Monday, February 22, 2010

Home

Pin It A recent question in one of my favorite magazines caused me to reflect on the above concept. Usually when I read this section of the magazine, I find one reader has managed to write something that either hits home for me, or makes me realize that their answer should be what I should strive to make mine. This time, however, I didn’t feel like any of them hit “home”.

I spent my childhood in one house and did most of my becoming who I am in another house. I hated leaving the first because everything about that home was perfect for a child of my age. Within a short time though, I came to appreciate the new home for what it would offer me in the new phase of my life. This was when I began to divide all events in my life into two parts. Each home was fitting to the events that occurred in and around it. But as attached as I was to the childhood house and as much as I cherish the moments in the second, the house, rather the home, that I value the most was my grandparents.

My mother grew up in a smallish, all brick house in upstate New York. This house was full of amazingly wonderful things for a child. Old games and toys, clothes, paper, books, rope…Everything that my brother and I were fascinated by. And we would stay in this house for what seemed like the entire summer. Perhaps it was the fact that these were completely un-air conditioned summers that makes them stand out so much to me, but the memories I have from this home are more clear to me than the memories from any other. My cousins and I colored together, or ran through the sprinkler, or picked and ate blackberries, or slept in nothing but our underwear with fans and wet washcloths to cool us off. Even though this house was sold several years ago and I haven’t been inside it since, I still mentally walk through it frequently when I need to feel comfort. I know every single sound that each part of it made as I made my way through. I know the feel of the door handle and the way the wooden walkway creaked, the sound of my grandmother’s slippers on the linoleum in the kitchen, the hall creaking with my grandfather’s limp and the individual and different sounds each door made. This house represented comfort and safety and times of freedom and mindlessness. I’m not sure that I will ever feel that way about another home. I think that their house represented what I thought home should always be for a person, and since it wasn’t usually that way for me, that house, those sounds and smells epitomized the idea of home.

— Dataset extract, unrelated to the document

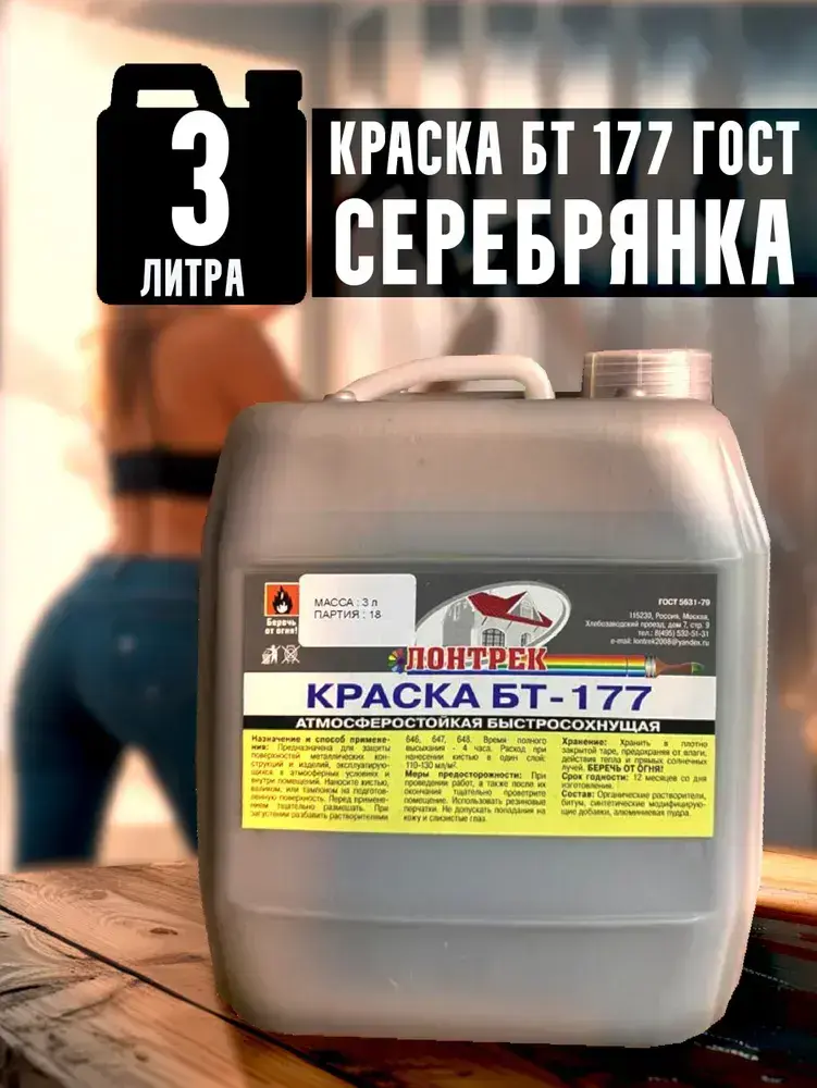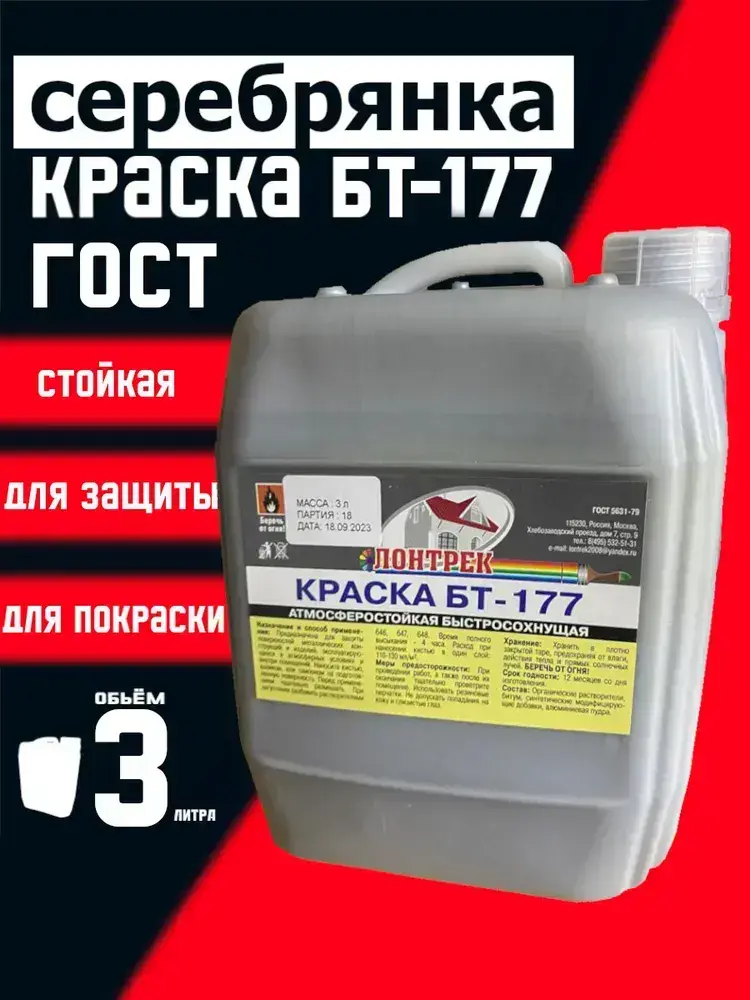 Краска БТ-177 Серебрянка, 3 л., Лонтрек для металла, дерева и бетона
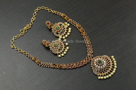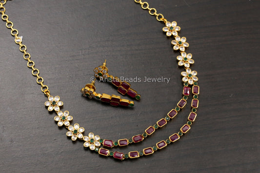 Sold outGram Gold CZ Ruby Green Necklace Set

A few years ago when I was in college I was at a church group meeting and home was also the topic of discussion. Where was home to you? Was it here at school? Was it where your parents were? What makes a place home? When it was my turn to share I offered the thought that I had often during college; home was not so much a place to me as it was being with a certain person. That I frequently felt like I was just traveling or passing through and that I was not home. I had reached a point in my life where I felt a yearning to be with someone, not somewhere and I told my friends that home to me was where my boyfriend was, even though I hated how that sounded because I never liked the way “boyfriend” lacked the true sentiment of my relationship. A couple years after that, He joked about how the “home” icon on my GPS should be set to where he was, instead of where I lived. And I told him very seriously that to me, that was my true home.
A year later, I married him.

Even though I have found myself in a completely different place which I have never been, I feel as though I am finally home.